Benard swung around to stare out at the garden. He could hide his face, but the muscles in his back were taut as ships' cables. She longed to put her arms around him. Why must the gods be so cruel to someone so gentle?
"Why?" he said hoarsely. "What harm had he done? What good did that do?"
"Just spite. You'll never understand how a Werist thinks, Benard, so don't try. Saltaja's worse. Horold was being as merciful as he dared. It's the truth." Horold was the best of the whole horrible Hrag brood.
Benard said, "He won't be merciful with me. If it happens, it happens. There's nothing I can do about it."
"I hear he's sending you to Whiterim quarry."
"Me and a Werist or two to make sure I don't run. Thanks for the news. I had better go now."
"There's more."
He glanced around, trying to look exasperated instead of showing whatever he was really feeling. Just old bitterness, probably. He never seemed to fear the future, but he detested any mention of his past. "More murdered hostages?"
"I think so, but I'm not sure. None in Kosord. No, I mean that I asked the couriers about Celebre. They said your father was in poor health."
"Ingeld!" He sounded exasperated. "I care nothing for the war and less for my parents. They gave me away, remember? The only person I care about in all Dodec is you. You I love more than life
itself. You were a mother for me; mother and lover and the only woman I want, but I can't have you. I should go." He headed for the garden.
"The others?" she said.
He stopped in the arch, without turning, a dark shape against the light. "What about them?"
She could not recall him ever showing even this much interest before, so deep was his hurt. "I've heard nothing recently, I admit. The young one, who stayed in Tryfors with Therek?"
"Orlando."
"He was still alive a year or so ago, when Therek came by here. He said something like 'The duckling that follows the dog thinks it's a puppy.' "

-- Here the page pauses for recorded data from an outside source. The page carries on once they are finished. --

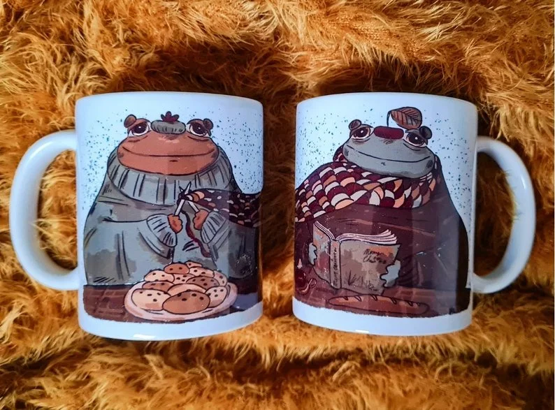 Illustré de deux jolies crapaux cosy et douillets de noël.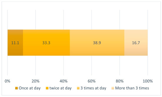 Figure 3 provides information on the times per day when the bottle was taken. It highlights that the bottle was commonly used during breakfast (88.9%), dinner (55.6%), recena (evening snack) (50%), and night shots (44.4%). When the total number of daily bottle shots is added, the following distribution can be established (Figure 3).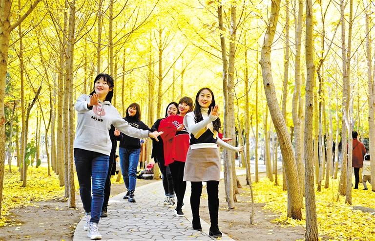 近日,蘭州植物園的銀杏樹金黃一片,吸引眾多市民前去游玩拍照。秋高氣爽,藍(lán)天白云下,蘭州植物園內(nèi)銀杏樹進(jìn)入最佳觀賞期,猶如披上了“黃金甲”,讓魅力無窮的植物園又添新景,金黃色的銀杏樹在陽光的照射下令人陶醉,成為深秋一道迷人的風(fēng)景。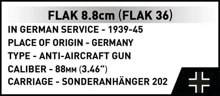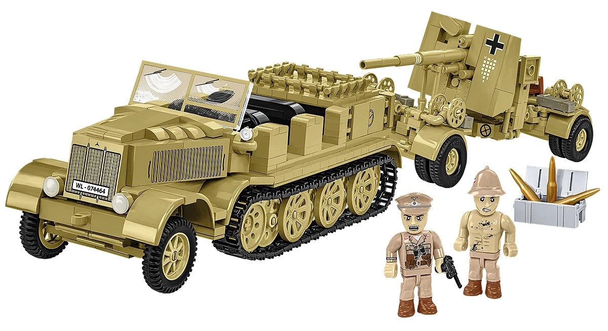 Enthalten sind 2 Artilleristen-Figuren in Wüstenuniformen (inklusive Tropenhelm), bewegliche Mechanismen des Geschützes (drehbare Lafette, verstellbares Rohr) sowie realistische Ketten und das Fahrwerk des Zugwagens. Dazu kommen eine Munitionskiste, ein Schild mit Maßstabangabe und gut lesbare bildliche Anleitungen. Der Bausatz ist mit anderen Marken kompatibel und erfüllt Sicherheitsnormen.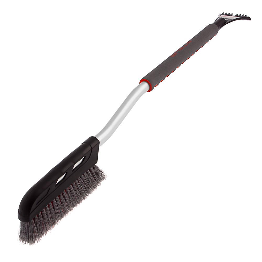 - Долговечность — щетка-сметка со скребком изготовлена из морозоустойчивого пластика. Высокая эффективность — щетина с распушенными кончиками не царапает лакокрасочное покрытие, скребок шириной 10,5 см быстро очищает стекла. Эргономичность — изогнутая рукоятка облегчает очистку труднодоступных мест, благодаря мягкой накладке щетку комфортно держать без перчаток.
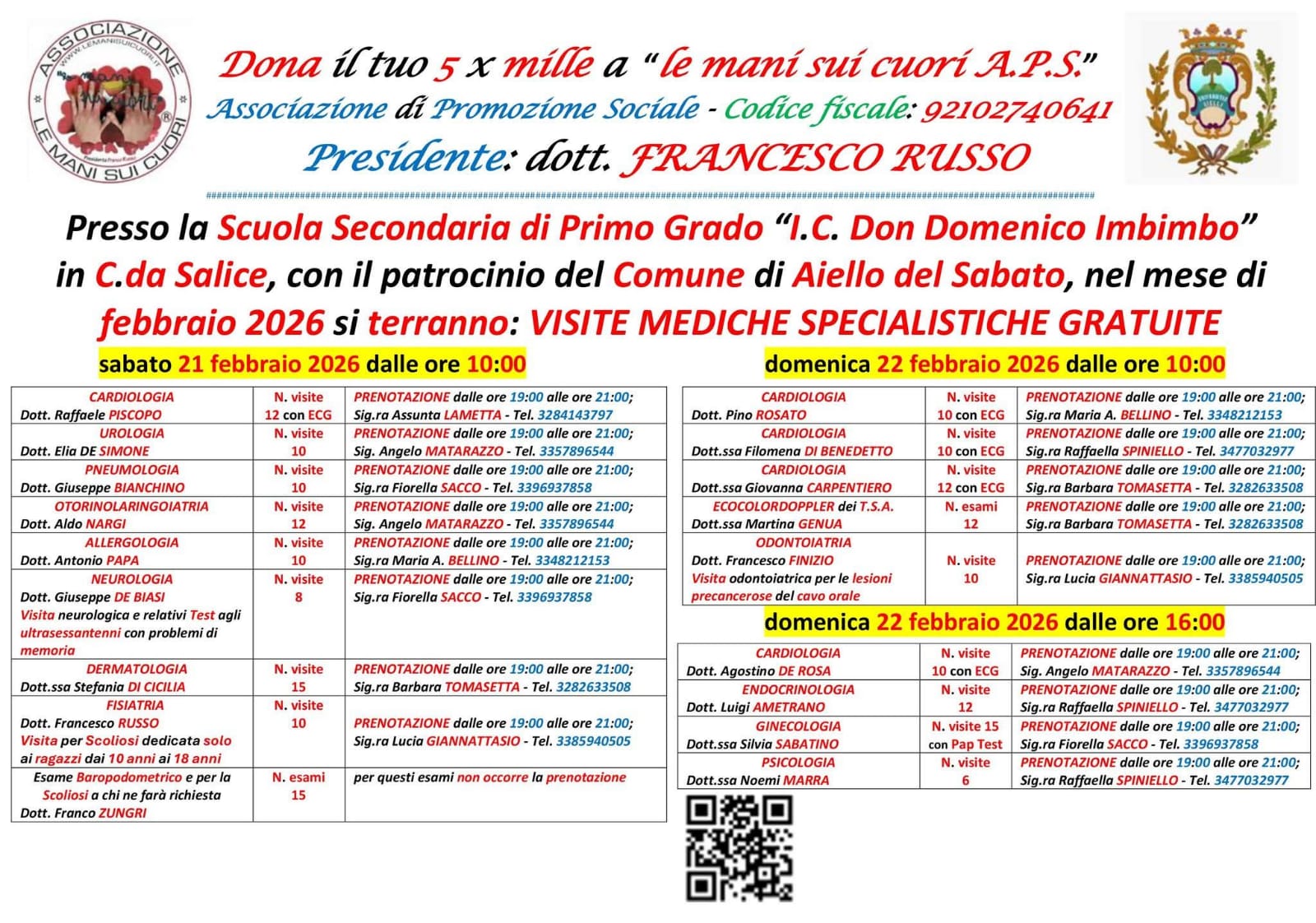 sabato esclusivamente con prenotazione ,da effettuarsi con un preavviso di 5 giorni, mediante mail a info@cesvolab.it oppure contattando il n. 0825 786108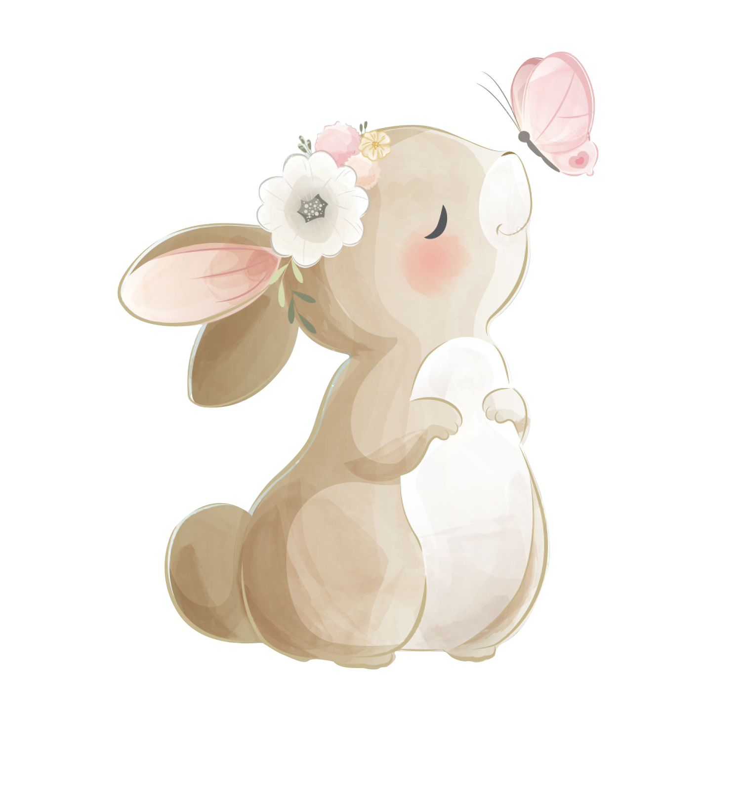 Cute bunny with flower crown and butterfly. smooth edges, simple geometry, character.

"Doesn't sound promising. Dantio's dead?"
"So Saltaja told me. She wouldn't bother to lie. If she'd cut his throat herself, she'd admit it."
"And Fabia? She's a smelly little bundle that cries all the time."
"I expect she's past that by now. She went to Jat-Nogul, to Karvak. Saltaja told me that she disappeared in the sack, when the rebels killed Karvak. She was assumed to be dead. I think you're the last, Benard, you and possibly Orlando." She longed to hold him.
"I wouldn't know him if I saw him and I'm sure he's forgotten me." He began to move, paused. "My mother?"
"She is acting as regent for your father, they said. Oh, Benard, listen to me! They will send one of you back to succeed your father, and it looks like it must be you or Orlando. The moment Horold hears you aren't needed as a hostage anymore, you're dead. Somehow we must get you out of Kosord. I know it will be difficult—"
He swung around and came to her in two long steps. Black eyes blazed down at her with a fury she had never seen in them before. She cringed back, amazed to realize that even Benard might be dangerous.
"No it won't; it'll be impossible. Horold's warbeasts will run me down and kill me. But I'll risk it on one condition."
She shook her head: No!
"Yes!" he said. "You come with me. Just us two. You're married to nothing human, your son is grown up. We can slip away together. If I have to work as a peasant or chop wood all my days, I won't care."